-------- Dataset section
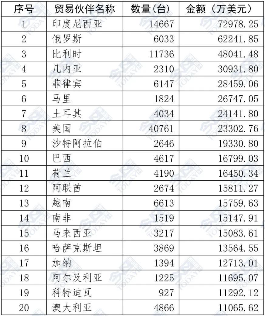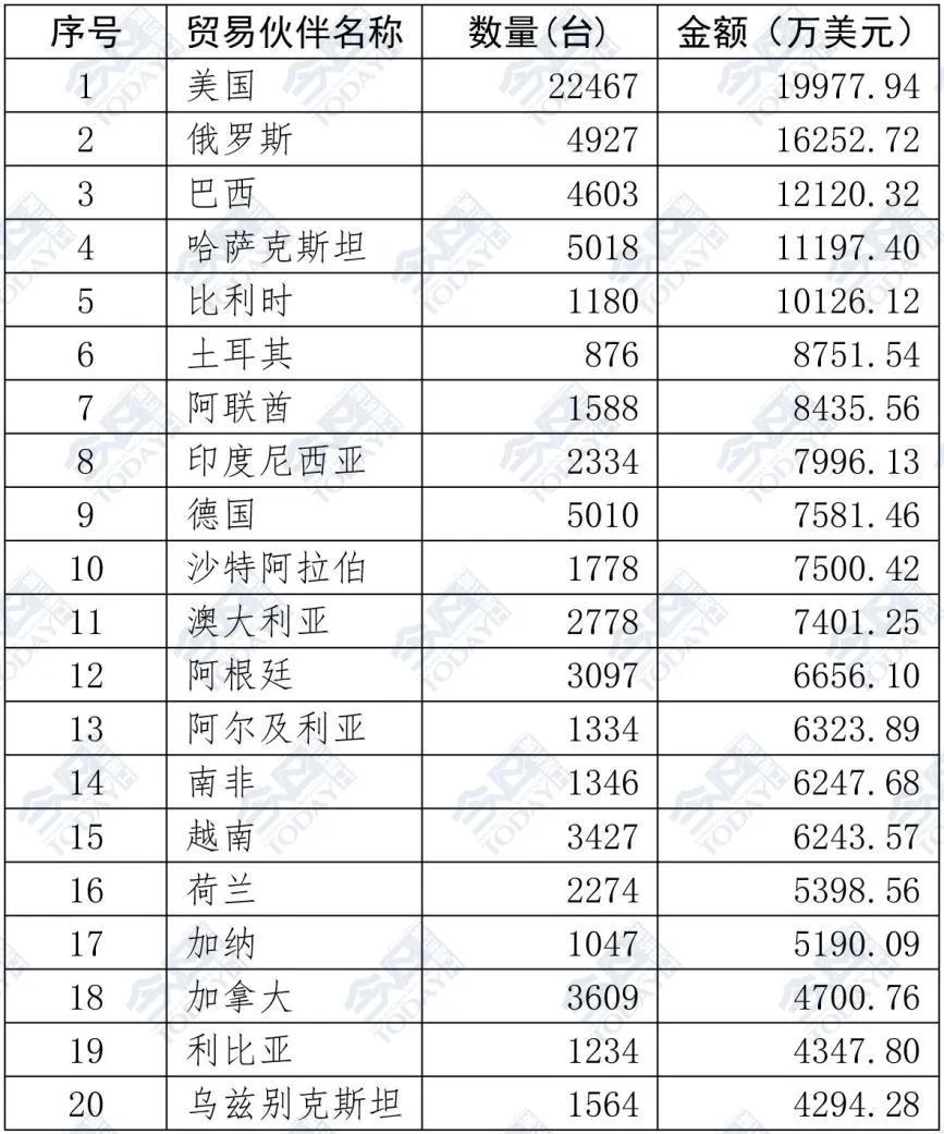 表2 2025年1—9月挖掘机出口额排名前二十位国家和地区
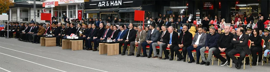 Değerli davetliler, millet egemenliğine dayanan Cumhuriyet idaresi, Türkiye Cumhuriyeti’ne vatandaşlık bağı ile bağlı olan herkese fert olma hakkını vermiş ve bunun sorumluluğunu yüklemiştir. İnsanı ön planda tutan bu anlayışla, devletin ve toplumun geleceğinden kendini sorumlu tutma şuuru geliştirilmiş, insanlığın ortak değeri olan medeniyetin gelişimine büyük katkılar sağlanmıştır. Cumhuriyet ile birlikte Türk Milleti, modern dünyanın bir üyesi olmanın haklı onurunu tatmış; devletimiz gelişen ve kalkınan bir “dünya devleti” olmanın kıvancına erişmiştir. Bugüne geldiğimizde ülkemiz, Cumhurbaşkanımız Sayın Recep Tayyip Erdoğan önderliğinde her alanda ortaya koyduğu başarılarla, “Türkiye Yüzyılı” hedefine kararlı adımlarla yürüyüşünü sürdürmektedir.
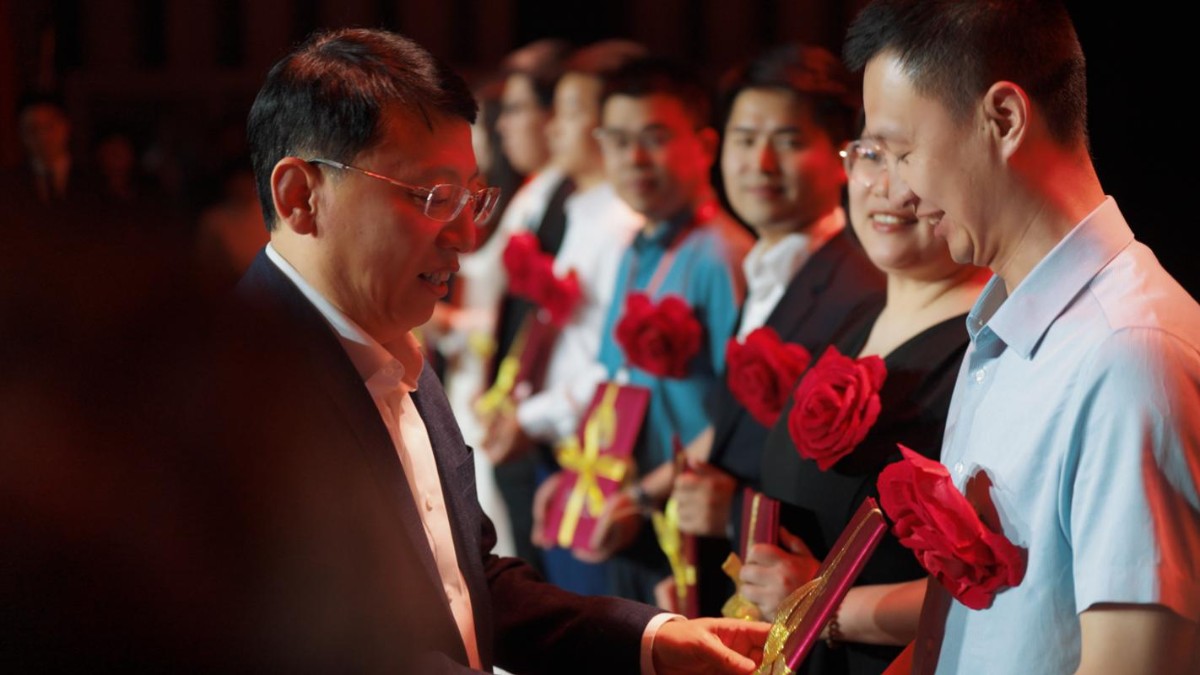 (姜泽廷为优秀校友颁奖)晚会上,姜泽廷和黄瑞宇先后为丁生杰等年度优秀校友、王秀锦等年度优秀校友工作者颁奖。通过颁奖环节,在座师生充分感受到了法大人在各领域践行法治信仰的壮阔图景。据悉,本届获奖者中,有在最高人民法院工作的审判专家,有参与国际经贸规则制定的涉外谈判代表,还有扎根边疆传递司法温情的“法治蒲公英”。他们以“厚德、明法、格物、致公”的校训精神,将法治理想化作万家灯火的平安守护,将专业智慧转化为改革攻坚的破局利刃。
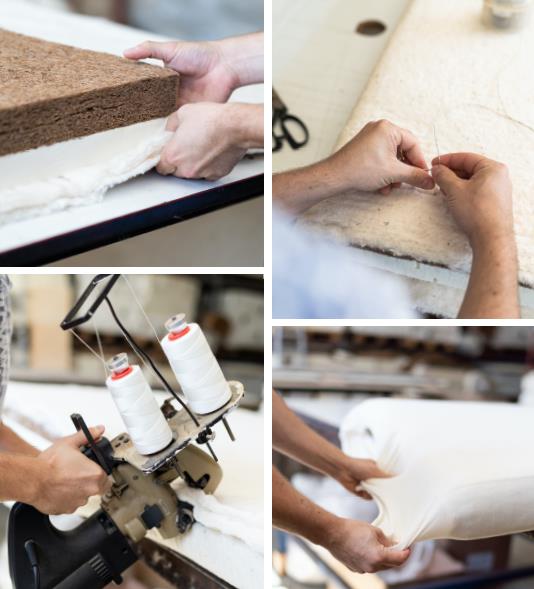 Die Matratzenfertigung, die dem Polsterhandwerk sehr ähnlich ist, ist echte Handarbeit. Die einzelnen Schichten aus Naturkautschuk und Kokoskautschuk werden übereinander gelegt und mit einem Vlies aus Baumwolle oder reiner Schurwolle abgedeckt. Dann nähen wir die Elemente locker per Hand zusammen. Ein Bezug aus waschbarem Drellstoff oder ein Steppbezug bringt die Matratze in Form.
----------------
What the task needs is the material above repeated exactly, pictures excepted.

- **Response area**:
 表2 2025年1—9月挖掘机出口额排名前二十位国家和地区
 Değerli davetliler, millet egemenliğine dayanan Cumhuriyet idaresi, Türkiye Cumhuriyeti’ne vatandaşlık bağı ile bağlı olan herkese fert olma hakkını vermiş ve bunun sorumluluğunu yüklemiştir. İnsanı ön planda tutan bu anlayışla, devletin ve toplumun geleceğinden kendini sorumlu tutma şuuru geliştirilmiş, insanlığın ortak değeri olan medeniyetin gelişimine büyük katkılar sağlanmıştır. Cumhuriyet ile birlikte Türk Milleti, modern dünyanın bir üyesi olmanın haklı onurunu tatmış; devletimiz gelişen ve kalkınan bir “dünya devleti” olmanın kıvancına erişmiştir. Bugüne geldiğimizde ülkemiz, Cumhurbaşkanımız Sayın Recep Tayyip Erdoğan önderliğinde her alanda ortaya koyduğu başarılarla, “Türkiye Yüzyılı” hedefine kararlı adımlarla yürüyüşünü sürdürmektedir.
 (姜泽廷为优秀校友颁奖)晚会上,姜泽廷和黄瑞宇先后为丁生杰等年度优秀校友、王秀锦等年度优秀校友工作者颁奖。通过颁奖环节,在座师生充分感受到了法大人在各领域践行法治信仰的壮阔图景。据悉,本届获奖者中,有在最高人民法院工作的审判专家,有参与国际经贸规则制定的涉外谈判代表,还有扎根边疆传递司法温情的“法治蒲公英”。他们以“厚德、明法、格物、致公”的校训精神,将法治理想化作万家灯火的平安守护,将专业智慧转化为改革攻坚的破局利刃。
 Die Matratzenfertigung, die dem Polsterhandwerk sehr ähnlich ist, ist echte Handarbeit. Die einzelnen Schichten aus Naturkautschuk und Kokoskautschuk werden übereinander gelegt und mit einem Vlies aus Baumwolle oder reiner Schurwolle abgedeckt. Dann nähen wir die Elemente locker per Hand zusammen. Ein Bezug aus waschbarem Drellstoff oder ein Steppbezug bringt die Matratze in Form.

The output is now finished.